◆ **Your assignment**:
Write out the data word for word and omit every picture.

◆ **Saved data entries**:
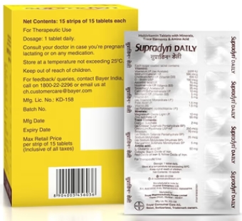 Supradyn Daily Multivitamin Tablets with Minerals 15’s are a convenient choice for individuals seeking a daily multivitamin supplement to support their overall health and well-being.
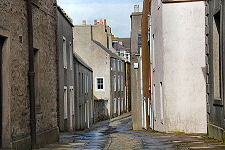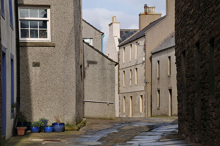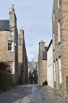There's nowhere quite like Stromness. It stretches for over a mile along the shore of Hamnavoe, an inlet of Scapa Flow sheltered by the islands of Outer Holm and Inner Holm. Yet the core of the town is just one main street that twists and turns narrowly between the shoreline and the hillside behind. This main street goes under at least five different names as it makes its way through the town. It is intersected by streets that on one side climb steeply up Brinkies Brae, the 300ft granite ridge that lies behind the town. On the seaward side they make their way between close-packed buildings to the private wharves that seem to lie behind every house and shop.
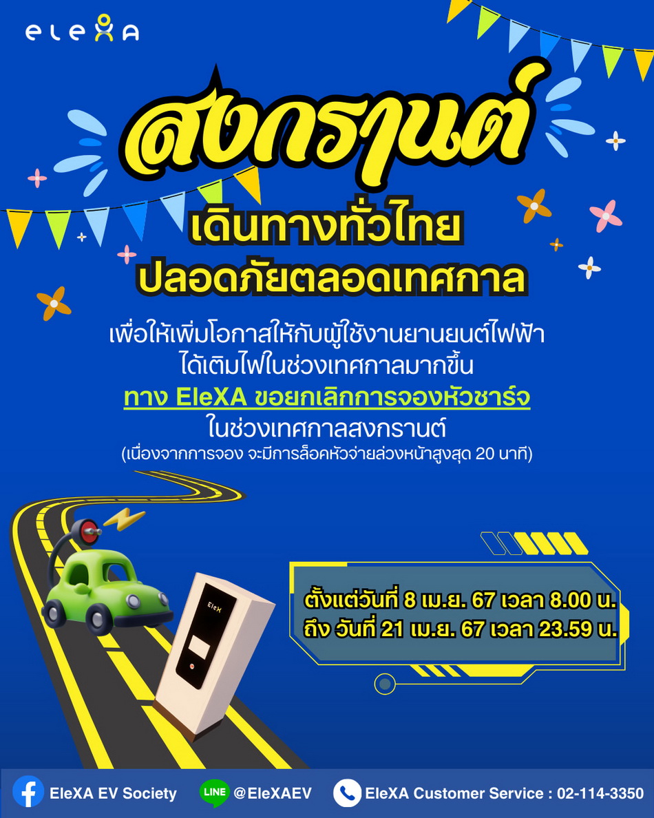 EleXA แจ้งยกเลิกการจองช่วงเทศกาลสงกรานต์ เพื่อเพิ่มโอกาสให้ผู้ใช้งานยานยนต์ไฟฟ้าได้ชาร์จไฟในช่วงเทศกาลมากขึ้น เนื่องจากเมื่อทำการจอง ระบบจะล็อคหัวจ่ายล่วงหน้าสูงสุด 20 นาที โดยยกเลิกการจองในช่วงเทศกาลสงกรานต์ไปจนถึงวันที่ 21 เมษายน 2567 เวลา 23.59 น.
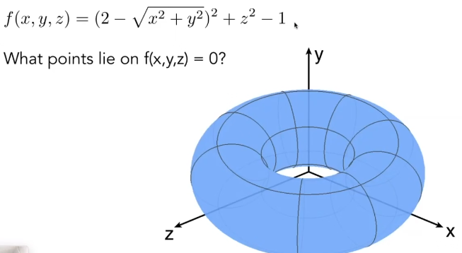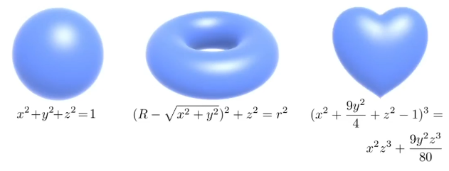 隐式的表示方法就是不会告诉你这些点具体在哪,而是会告诉你这些点满足一个什么样的关系,这通常是我们数学中常用的,例如我们使用代数方程$x^2+y^2+z^2 = 1$表示一个球等等。我们通常可以使用一个方程$f(x,y,z) = 0$表示一个几何形体。
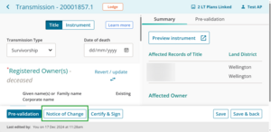 Or, select Notice of Change at the bottom of the Prepare instrument page.
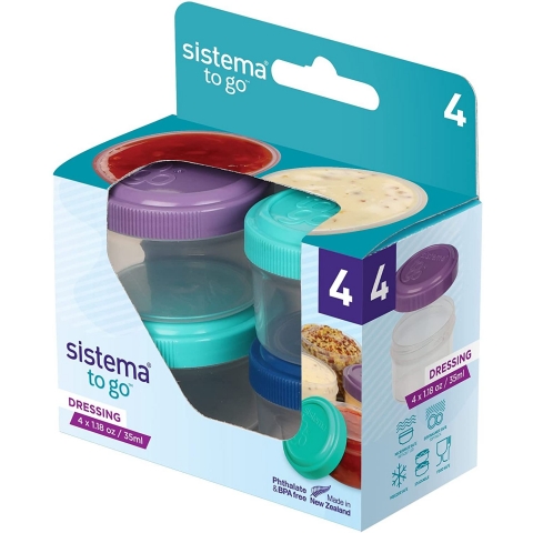 Salata soslarını yemeye hazır olana kadar ayrı tutmak için ideal olan küçük kaplar - İçeriği muhafaza etmek için vidalı kapaklar - Okula dönüş, öğle yemeği, yemek artıkları ve daha fazlası için harika - BPA içermeyen plastik - Üst raf bulaşık makinesinde yıkanabilir ; Buzdolabında ve dondurucuda güvenli; Kapaksız mikrodalgaya dayanıklı - Dört adet 1,18 ons içerir. yuvarlak plastik kaplar.  Renkler karışık gönderilmektedir.
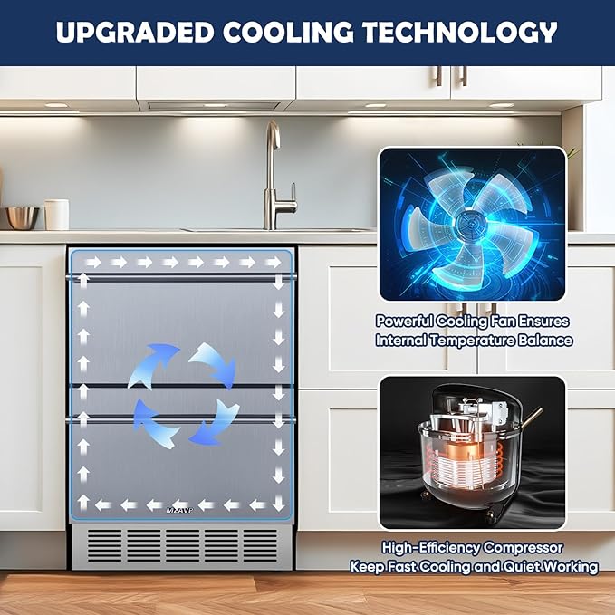 - Clean and Tidy Storage Design - Each drawer of this 24-inch beverage fridge is equipped with a mobile grid organizer. You can customize the space to suit your preferences and needs to avoid cluttered placement. Whether you are placing beverages, fruits, vegetables, or other types of food, it is perfectly adapted to different storage spaces
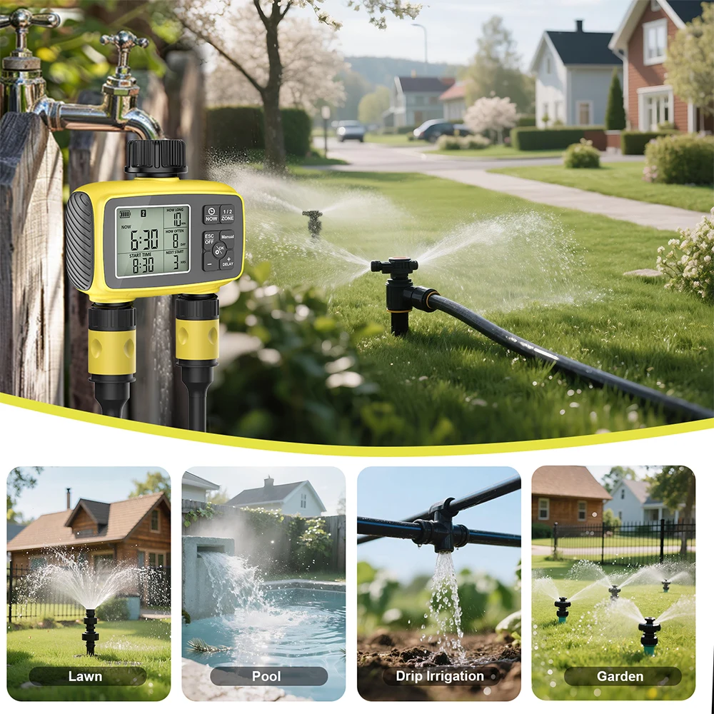 Large Screen Display Garden Irrigation Timer 2 Outlets Smart Water Timer Irrigation Control System Timed Water Value IPX5 Waterproof
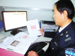 圖為:執(zhí)法人員核對(duì)違章號(hào)碼。
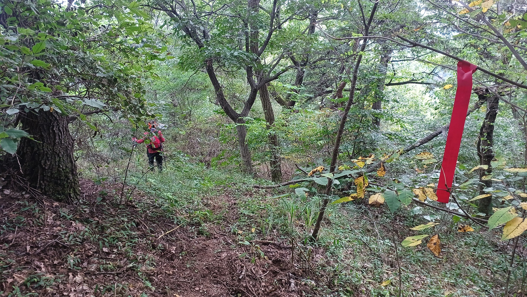 좌측으로 한전 표시기(붉은색)가 줄지어 보이는 산사면길로
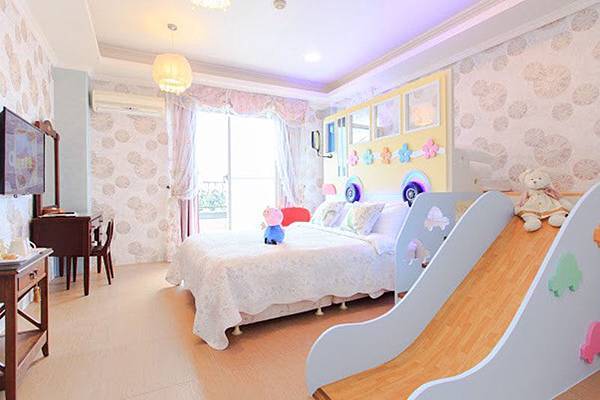 城堡溜滑梯四人房:從戶外走到室內,已經嘆為觀止了,一路上拿著相機的手不停的按下快門,走到這間四人房後,更是驚訝,完全是卡通公主風的設計,不只是兒童會驚聲連連,就會連同行的大人都難以控制。

◆ **Answer space**:
 Supradyn Daily Multivitamin Tablets with Minerals 15’s are a convenient choice for individuals seeking a daily multivitamin supplement to support their overall health and well-being.
There's nowhere quite like Stromness. It stretches for over a mile along the shore of Hamnavoe, an inlet of Scapa Flow sheltered by the islands of Outer Holm and Inner Holm. Yet the core of the town is just one main street that twists and turns narrowly between the shoreline and the hillside behind. This main street goes under at least five different names as it makes its way through the town. It is intersected by streets that on one side climb steeply up Brinkies Brae, the 300ft granite ridge that lies behind the town. On the seaward side they make their way between close-packed buildings to the private wharves that seem to lie behind every house and shop.
 EleXA แจ้งยกเลิกการจองช่วงเทศกาลสงกรานต์ เพื่อเพิ่มโอกาสให้ผู้ใช้งานยานยนต์ไฟฟ้าได้ชาร์จไฟในช่วงเทศกาลมากขึ้น เนื่องจากเมื่อทำการจอง ระบบจะล็อคหัวจ่ายล่วงหน้าสูงสุด 20 นาที โดยยกเลิกการจองในช่วงเทศกาลสงกรานต์ไปจนถึงวันที่ 21 เมษายน 2567 เวลา 23.59 น.
 隐式的表示方法就是不会告诉你这些点具体在哪,而是会告诉你这些点满足一个什么样的关系,这通常是我们数学中常用的,例如我们使用代数方程$x^2+y^2+z^2 = 1$表示一个球等等。我们通常可以使用一个方程$f(x,y,z) = 0$表示一个几何形体。
 Or, select Notice of Change at the bottom of the Prepare instrument page.
 Salata soslarını yemeye hazır olana kadar ayrı tutmak için ideal olan küçük kaplar - İçeriği muhafaza etmek için vidalı kapaklar - Okula dönüş, öğle yemeği, yemek artıkları ve daha fazlası için harika - BPA içermeyen plastik - Üst raf bulaşık makinesinde yıkanabilir ; Buzdolabında ve dondurucuda güvenli; Kapaksız mikrodalgaya dayanıklı - Dört adet 1,18 ons içerir. yuvarlak plastik kaplar.  Renkler karışık gönderilmektedir.
 - Clean and Tidy Storage Design - Each drawer of this 24-inch beverage fridge is equipped with a mobile grid organizer. You can customize the space to suit your preferences and needs to avoid cluttered placement. Whether you are placing beverages, fruits, vegetables, or other types of food, it is perfectly adapted to different storage spaces
 Large Screen Display Garden Irrigation Timer 2 Outlets Smart Water Timer Irrigation Control System Timed Water Value IPX5 Waterproof
 圖為:執(zhí)法人員核對(duì)違章號(hào)碼。
 좌측으로 한전 표시기(붉은색)가 줄지어 보이는 산사면길로
 城堡溜滑梯四人房:從戶外走到室內,已經嘆為觀止了,一路上拿著相機的手不停的按下快門,走到這間四人房後,更是驚訝,完全是卡通公主風的設計,不只是兒童會驚聲連連,就會連同行的大人都難以控制。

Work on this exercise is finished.